I'm using read_excel
for speed and simplicity to import an Excel file.
Unfortunately, there's as yet no capability of excluding selected columns which won't be needed from the data set; to save effort, I am naming such columns "x"
with the col_names
argument, which is easier than trying to keep track of x1
, x2
, and so on.
I'd then like to exclude such columns on the fly if possible to avoid an extra step of copying, so in pseudocode:
read_excel("data.xlsx", col_names = c("x", "keep", "x"))[ , !"x"]
We can use the sample data set included with the readxl
package for illustration:
library(readxl)
DF <- read_excel(system.file("extdata/datasets.xlsx", package = "readxl"),
col_names = c("x", "x", "length", "width", "x"), skip = 1L)

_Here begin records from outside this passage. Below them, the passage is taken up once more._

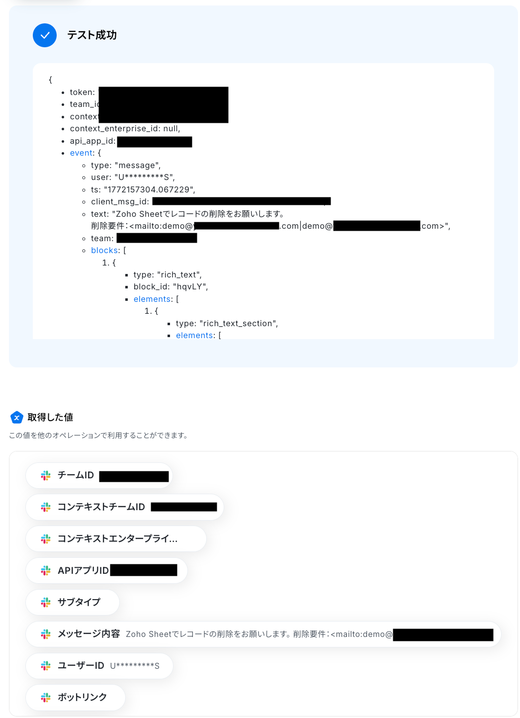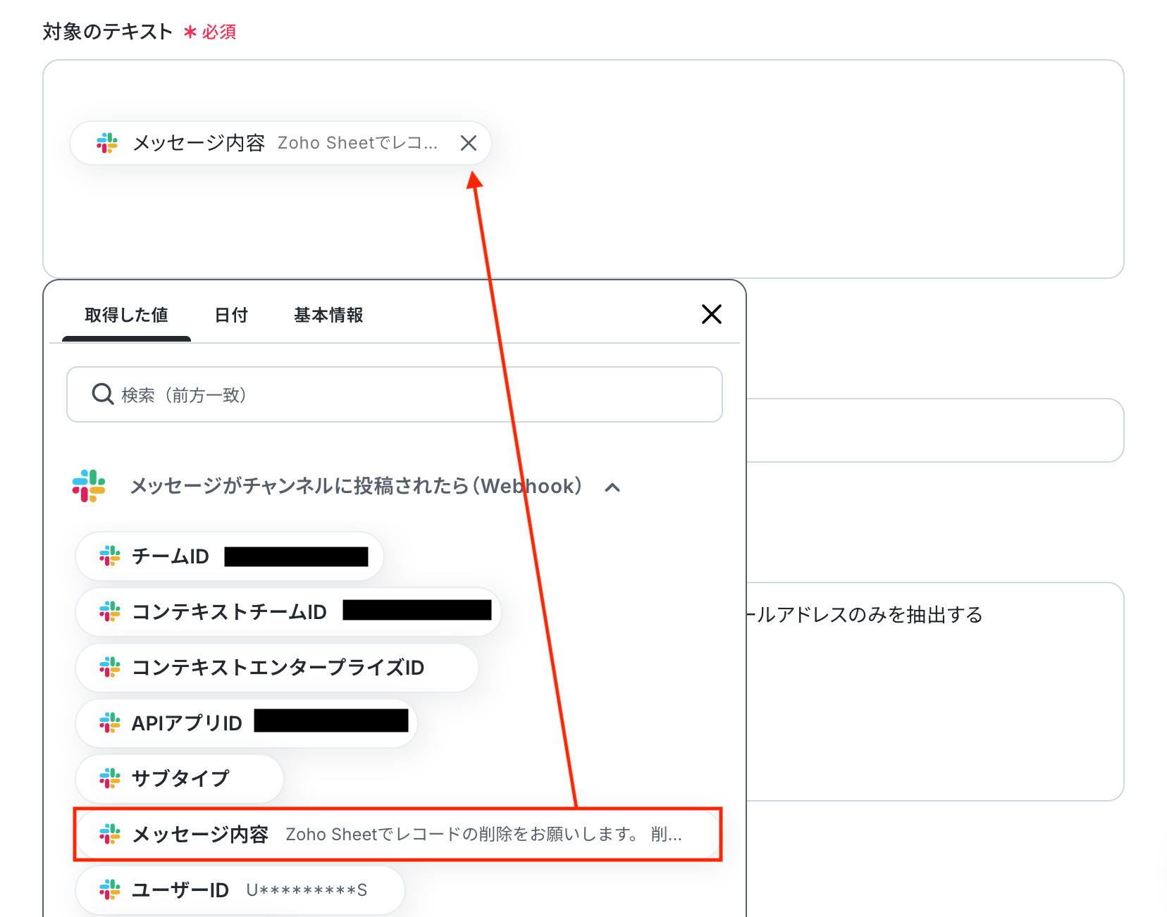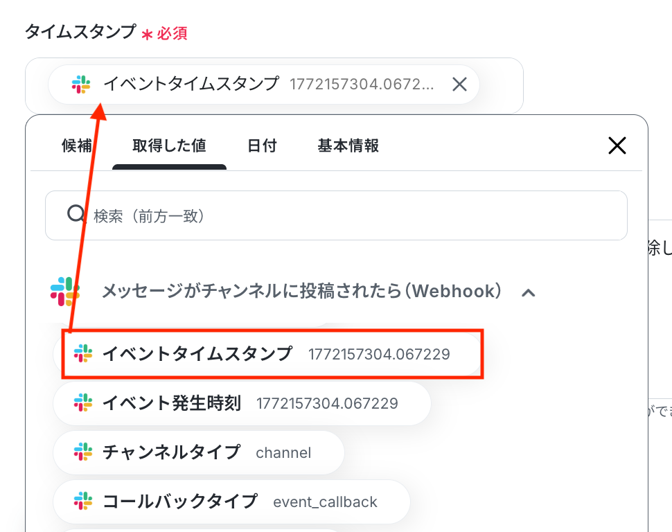 入力欄をクリックすると、前のステップでSlackから取得した値が表示されるので、選択して入力しましょう。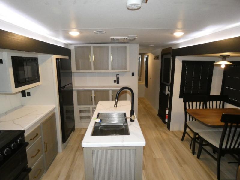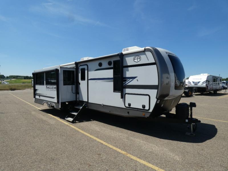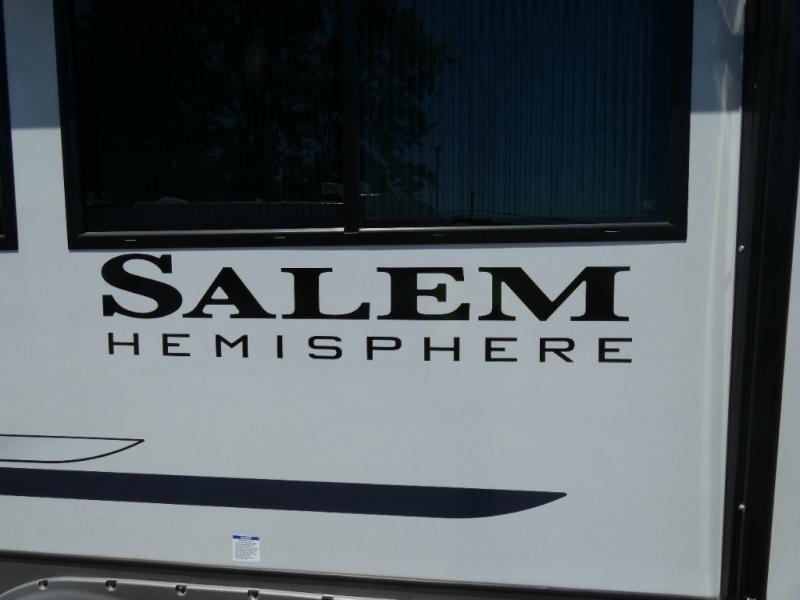 The Salem Hemisphere fifth wheels and travel trailers by Forest River are packed with features, while still being value-minded! Each model is constructed with laminated "Aluma Frame" sidewalls and floor with block foam insulation plus full length barreled ceilings for added head space. There are LED awning, marker and tail lights outside, along with an extra large pass-thru storage with slam latch baggage doors, plus solar prep and Lippert On-The-Go ladder prep. The 60K on-demand tankless water heater will provide endless hot showers, and the JBL sound system includes a head unit plus interior and exterior speakers to keep the party going. There are also many interior comforts found throughout that will make you feel right at home!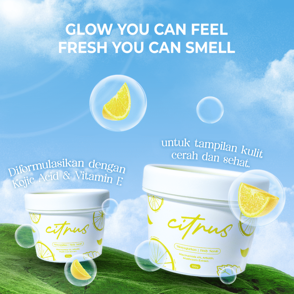 Body scrub dengan wangi Citrus yang diformulasikan secara eksklusif untuk MENCERAHKAN & mengangkat sel kulit mati. Diperkaya dengan kandungan Niacinamide, Arbutin, Glutathione, Grape Seed Extract, dan Kojic Acid yang dapat mencerahkan kulit secara merata. Dilengkapi dengan perpaduan Mushroom Extract dan Jojoba Oil yang menjaga kelembapan dan hidrasi kulit serta Vitamin E yang menutrisi kulit. Untuk kulit tampak cerah, terasa halus, lembut, dan wangi.Dengan Aroma Citrus yang segar & kuat dapat menghilangkan bau badan pada kulit tubuh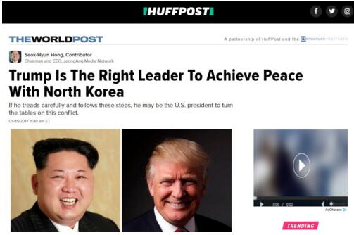 15日,洪錫炫在美國《赫芬頓郵報》上發表《特朗普是和平解決朝鮮問題的正確領導人》。他在文章中說,如果特朗普能夠和中國、韓國共同建立一個路線圖,那么,他將成為和平解決朝鮮核問題的美國總統。洪錫炫認為,美國首先停止朝鮮在核武器和導彈方面的發展;不過前提是美國必須向朝鮮保證美國不會推翻朝鮮政權,并不會入侵朝鮮。第二步,美國要開始和朝鮮的對話或者談判;洪錫炫認為,六方會談機制依然重要,這也是解除朝鮮對韓國、美國威脅的重要步驟。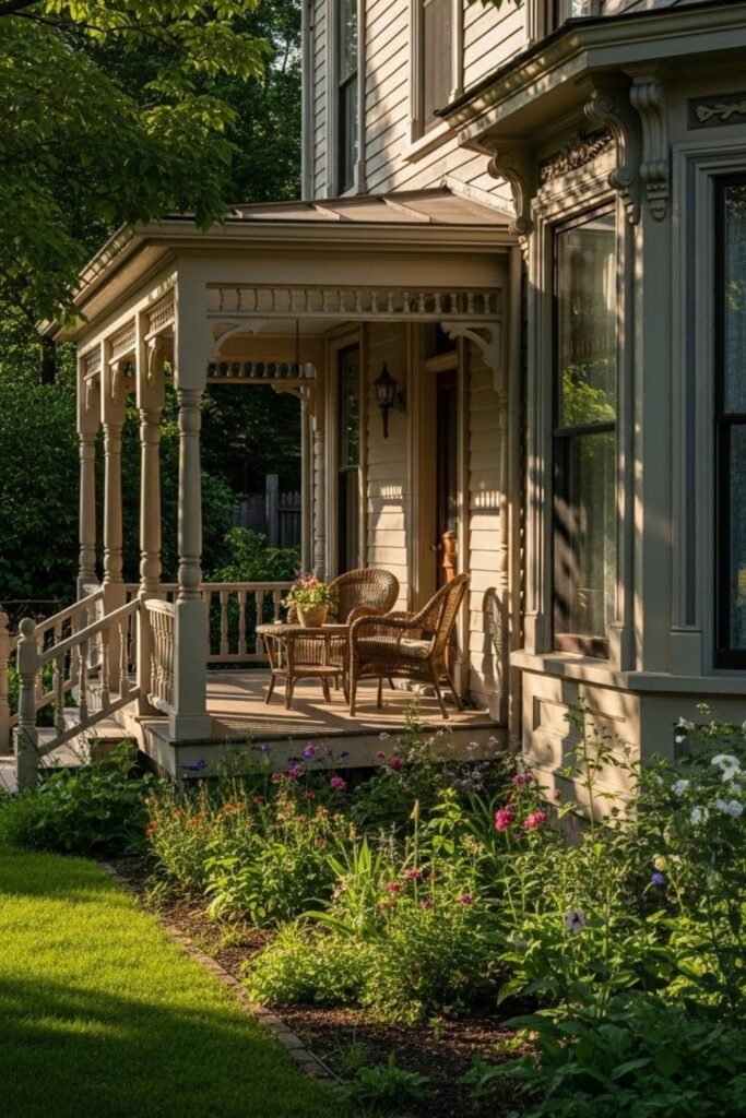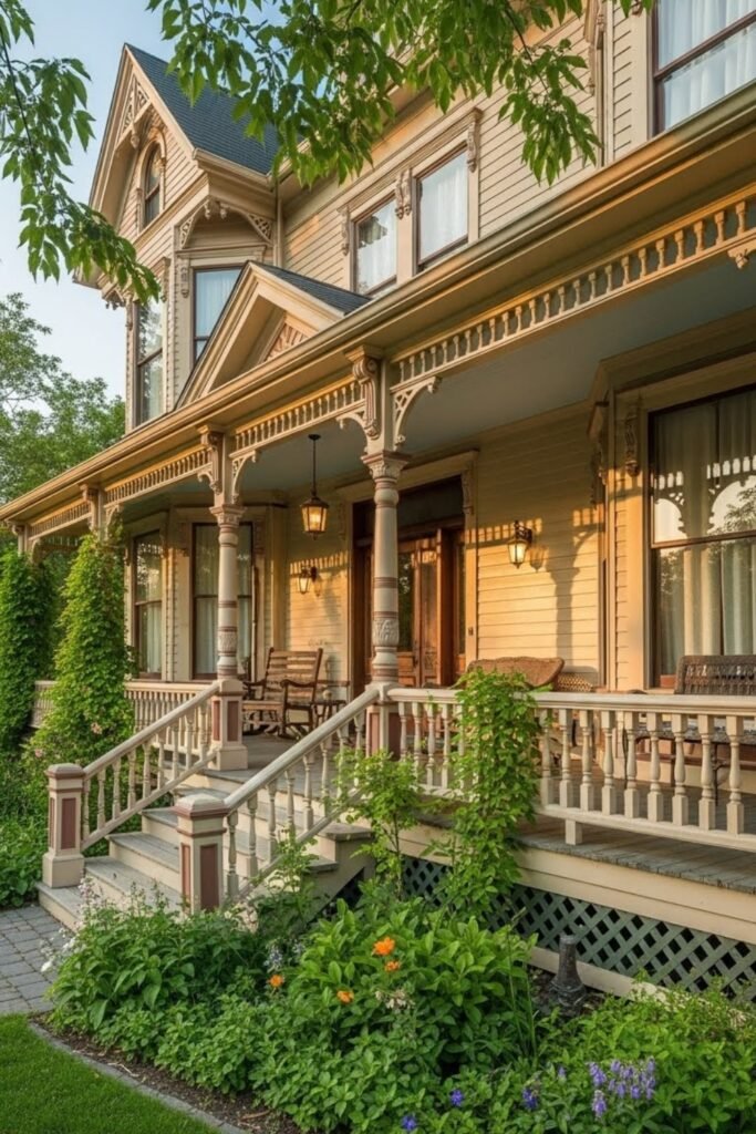 A wraparound porch is one of the most recognizable Victorian features. It extends around the front and side of the house, offering shaded outdoor living and multiple seating areas.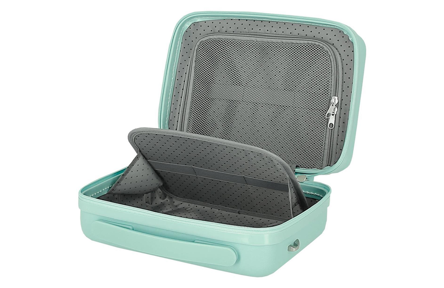 Beauty case sadrži dva odeljka, ogledalo i džep za poboljšanje organizacije. Poseduje traku za prilagođavanje Vaše toaletne torbe za nošenje zakačene za kofer a možete je i nositi na ramenu, zahvaljujući kaišu koga možete podesiti.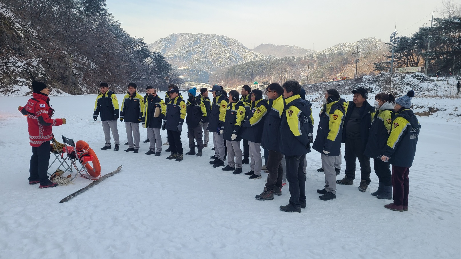 이번 훈련은 동계 수난사고에 대한 현장 안전관리 및 요구조자 응급처치 능력 배양, 수난전문의용소방대와 협업을 통한 현장대응 능력을 강화하고자 횡성구조대와 수난전문의소대가 참가한 상태에서 실시하였습니다.
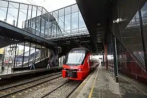 Dolgoprudnaya is a railway station of Line D1 of the Moscow Central Diameters in Dolgoprudny, Moscow Oblast. It was opened in 1914 and rebuilt in 2020.[1][2]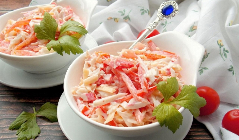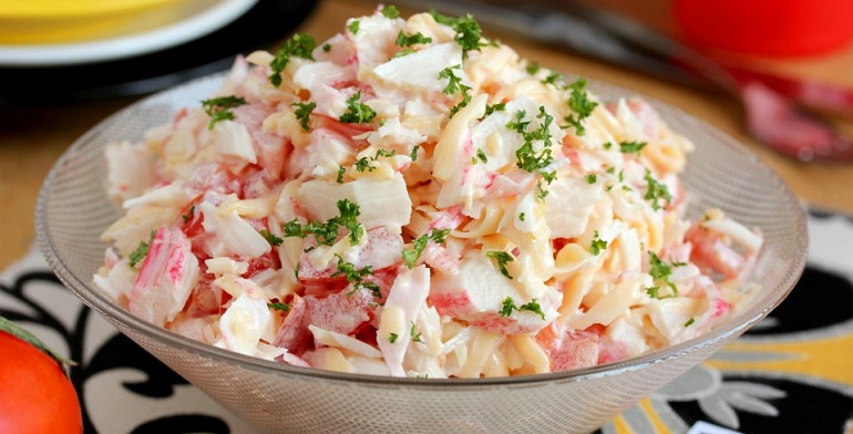 Салат из крабовых палочек с помидорами – вкус и простота!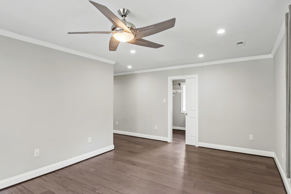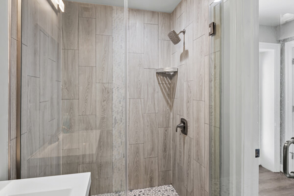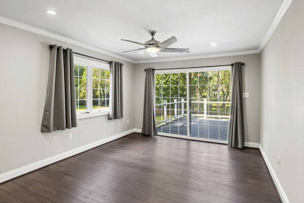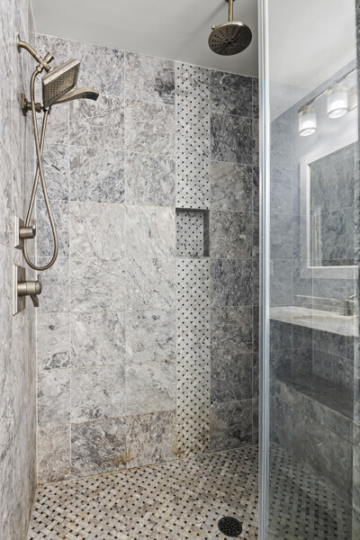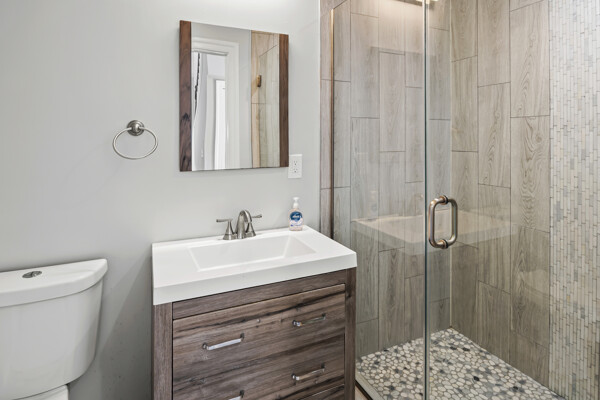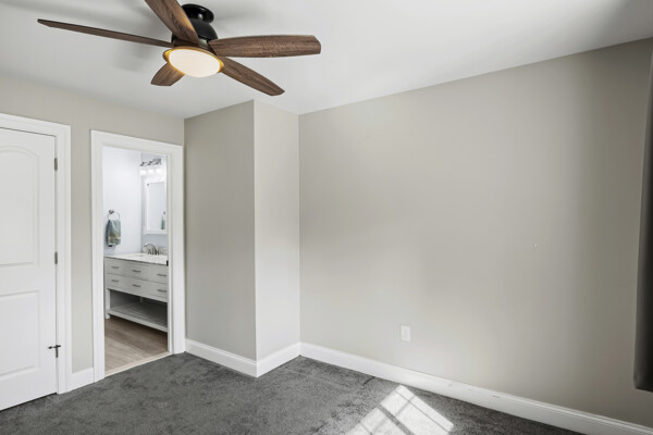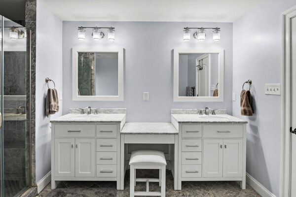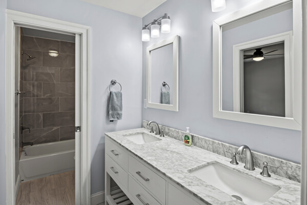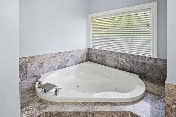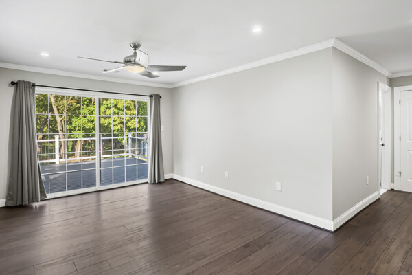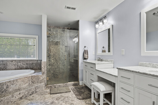 The main level offers a flexible bedroom/office, full bath with shower, and laundry room. Upstairs, the primary suite is a true retreat with sliding glass doors to a private deck plus a spa-inspired bath featuring double vanities, a soaking tub, and a dual-head shower. Two additional bedrooms share a hall bath with a double vanity sink.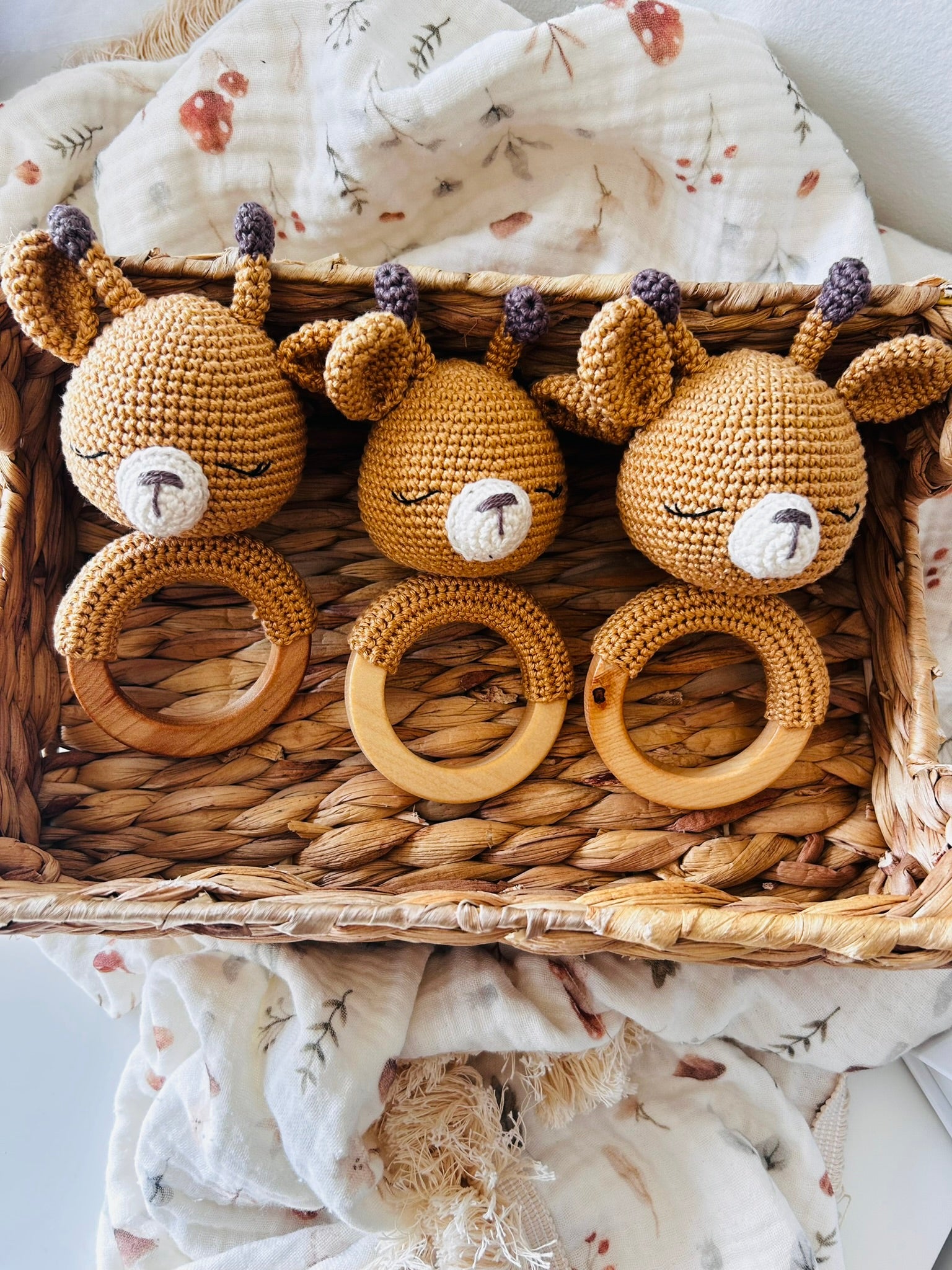 Discover our collection of baby ring rattles that are perfect for matching your little one's nursery theme or featuring their favorite animals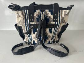 Blk Leather Indigo Stripe Bag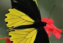 金裳凤蝶是凤蝶科、裳凤蝶属的动物。金裳凤蝶身体呈黑色,头、颈和胸侧有红毛,腹部有黑黄两色相间条纹,雄蝶前翅黑色,具黑天鹅绒光泽,各脉两侧灰白色,后翅金黄色,各室外缘有等腰三角形黑斑1枚,斑内侧有晕,…全部>>

The approaches I've seen that work don't exactly work on the fly, e.g., having stored DF
, we can now do:
DF <- DF[ , -grep("^x$", names(DF))]
This works but requires making a copy of DF
by storing it, then overwriting it; I'd prefer to remove the columns in the same command as read_excel
to allocate DF
properly ab initio.
Other similar approaches require declaring temporary variables, which I prefer to avoid if possible, e.g.,
col_names <- c("x", "x", "length", "width", "x")
DF <- read_excel(system.file("extdata/datasets.xlsx", package = "readxl"),
col_names = col_names, skip = 1L)[ , -grep("^x$", col_names)]
Is there a way to axe these columns without creating unnecessary temporary variables?
(I could convert to data.table
, but am wondering if there's a way to do so without data.table
)